Would you retype exactly the lines below, starting with the one that has "Closeout Sale 2" and going on through the one that has "东尚小区128平轻奢风格三居室装修案例风效果图", with no pictures and nothing else?

(Beginning of Extracted material)

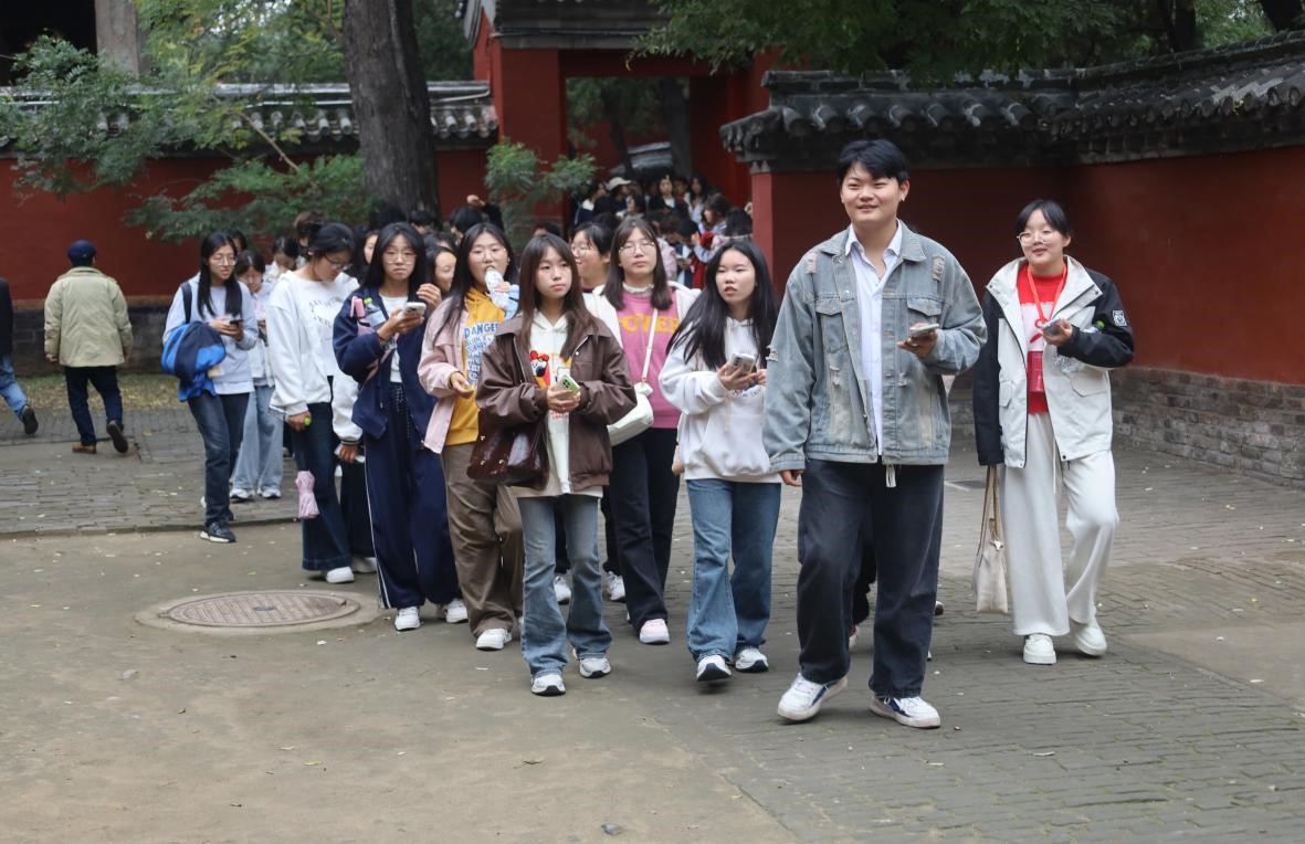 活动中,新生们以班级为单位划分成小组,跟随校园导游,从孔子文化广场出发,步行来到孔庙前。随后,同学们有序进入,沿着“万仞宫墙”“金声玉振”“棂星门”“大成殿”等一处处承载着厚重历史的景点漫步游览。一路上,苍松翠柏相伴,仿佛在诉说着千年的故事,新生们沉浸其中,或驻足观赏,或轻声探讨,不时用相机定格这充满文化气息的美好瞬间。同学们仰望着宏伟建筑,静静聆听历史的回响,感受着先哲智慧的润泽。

(End of Extracted material)
(Beginning of Extracted material)

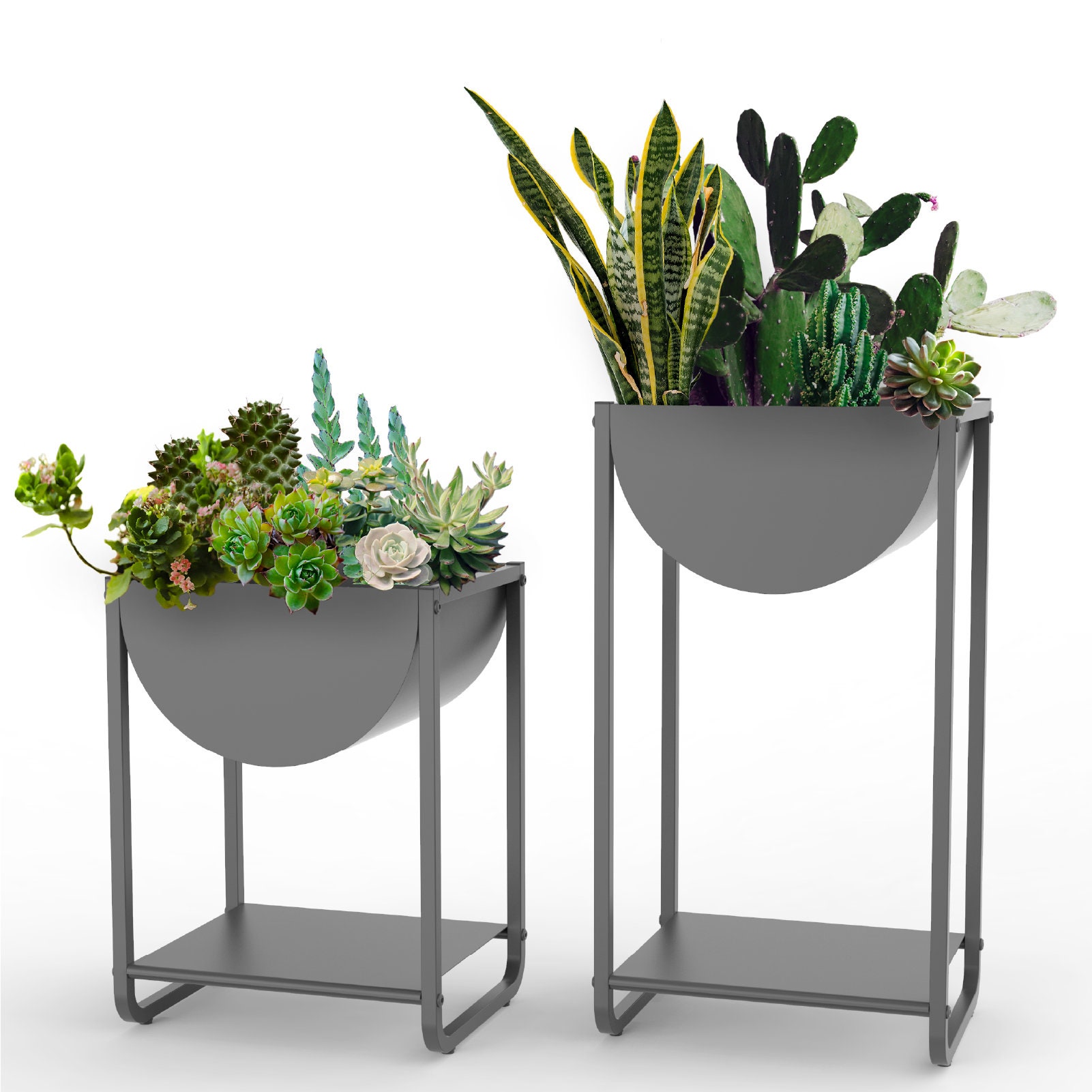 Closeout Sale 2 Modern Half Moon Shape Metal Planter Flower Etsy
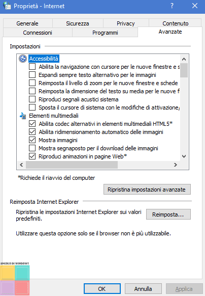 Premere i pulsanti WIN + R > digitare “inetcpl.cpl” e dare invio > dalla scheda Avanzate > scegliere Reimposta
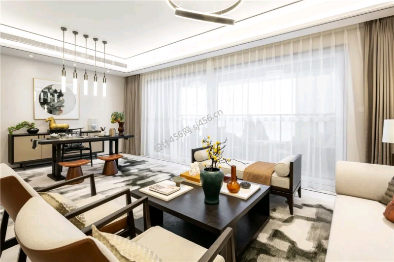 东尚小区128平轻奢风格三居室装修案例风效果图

(End of Extracted material)
(Beginning of Extracted material)

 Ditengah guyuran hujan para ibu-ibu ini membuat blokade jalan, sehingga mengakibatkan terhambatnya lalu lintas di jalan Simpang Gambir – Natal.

(End of Extracted material)

### Output
 Closeout Sale 2 Modern Half Moon Shape Metal Planter Flower Etsy
 Premere i pulsanti WIN + R > digitare “inetcpl.cpl” e dare invio > dalla scheda Avanzate > scegliere Reimposta
 东尚小区128平轻奢风格三居室装修案例风效果图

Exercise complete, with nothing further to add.